▶ **What you need to do**
Among the lines of the listing below, retype exactly those from the one containing "iiMedia Resear" through the one containing "Plüschwürfel mit den", both included. Do not include pictures.
[[ Material provided, beginning ]]
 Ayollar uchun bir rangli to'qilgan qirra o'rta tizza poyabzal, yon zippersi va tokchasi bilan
[[ Material provided, end ]]
[[ Material provided, beginning ]]
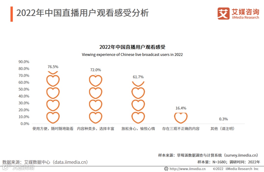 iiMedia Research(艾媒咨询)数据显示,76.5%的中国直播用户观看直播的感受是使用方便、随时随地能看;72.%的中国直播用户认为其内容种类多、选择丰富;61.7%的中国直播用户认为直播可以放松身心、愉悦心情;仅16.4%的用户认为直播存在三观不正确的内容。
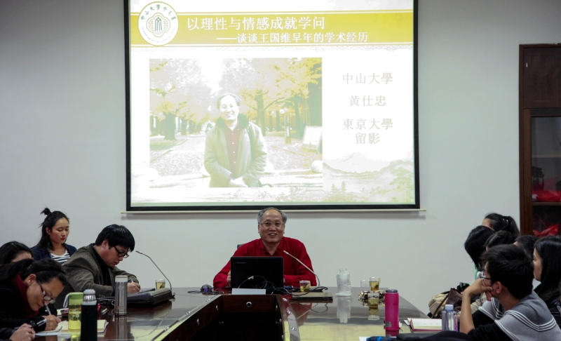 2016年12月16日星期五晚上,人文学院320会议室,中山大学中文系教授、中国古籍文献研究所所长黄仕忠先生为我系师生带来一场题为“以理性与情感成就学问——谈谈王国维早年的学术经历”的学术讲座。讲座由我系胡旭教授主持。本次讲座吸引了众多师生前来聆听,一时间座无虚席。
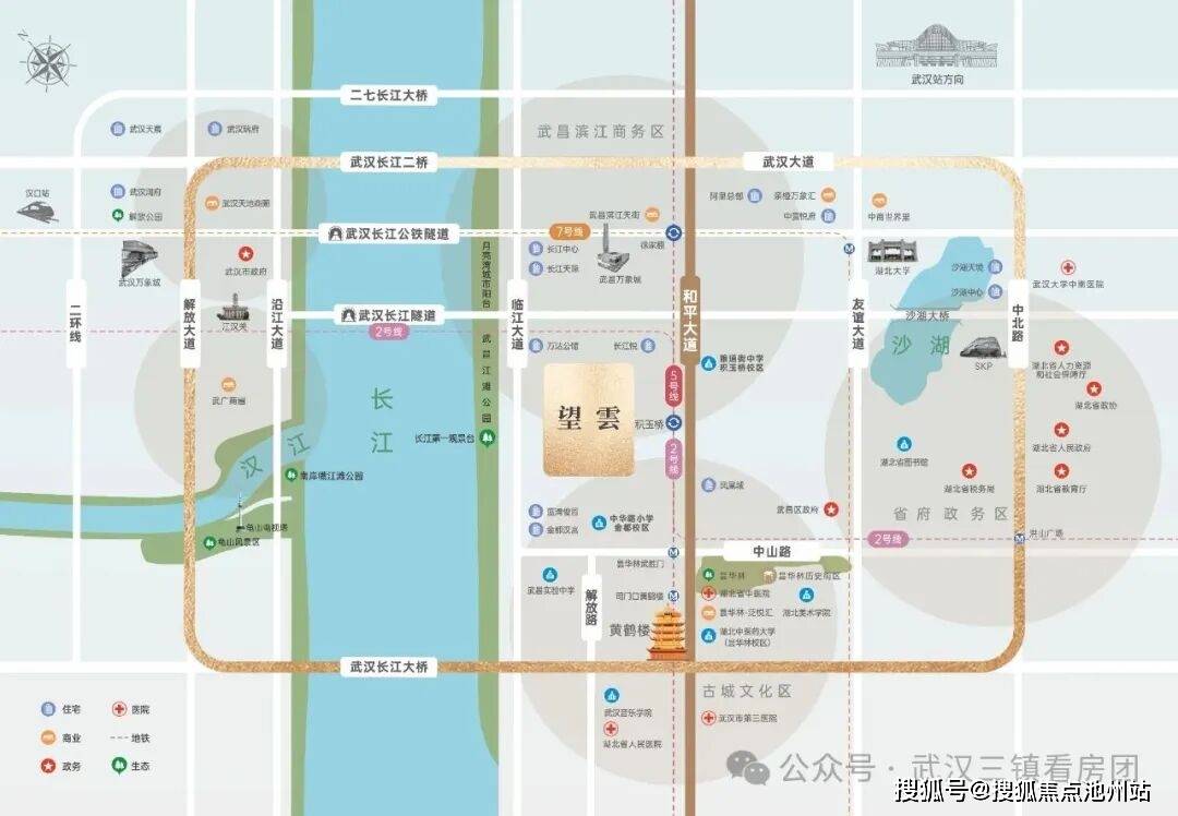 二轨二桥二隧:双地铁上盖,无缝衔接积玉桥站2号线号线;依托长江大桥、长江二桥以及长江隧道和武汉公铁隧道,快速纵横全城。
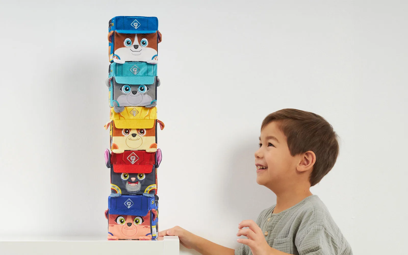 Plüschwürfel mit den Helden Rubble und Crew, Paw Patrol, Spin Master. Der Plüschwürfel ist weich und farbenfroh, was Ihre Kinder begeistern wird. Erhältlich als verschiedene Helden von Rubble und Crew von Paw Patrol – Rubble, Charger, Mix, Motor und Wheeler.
[[ Material provided, end ]]
▶ **Worked solution**
 iiMedia Research(艾媒咨询)数据显示,76.5%的中国直播用户观看直播的感受是使用方便、随时随地能看;72.%的中国直播用户认为其内容种类多、选择丰富;61.7%的中国直播用户认为直播可以放松身心、愉悦心情;仅16.4%的用户认为直播存在三观不正确的内容。
 2016年12月16日星期五晚上,人文学院320会议室,中山大学中文系教授、中国古籍文献研究所所长黄仕忠先生为我系师生带来一场题为“以理性与情感成就学问——谈谈王国维早年的学术经历”的学术讲座。讲座由我系胡旭教授主持。本次讲座吸引了众多师生前来聆听,一时间座无虚席。
 二轨二桥二隧:双地铁上盖,无缝衔接积玉桥站2号线号线;依托长江大桥、长江二桥以及长江隧道和武汉公铁隧道,快速纵横全城。
 Plüschwürfel mit den Helden Rubble und Crew, Paw Patrol, Spin Master. Der Plüschwürfel ist weich und farbenfroh, was Ihre Kinder begeistern wird. Erhältlich als verschiedene Helden von Rubble und Crew von Paw Patrol – Rubble, Charger, Mix, Motor und Wheeler.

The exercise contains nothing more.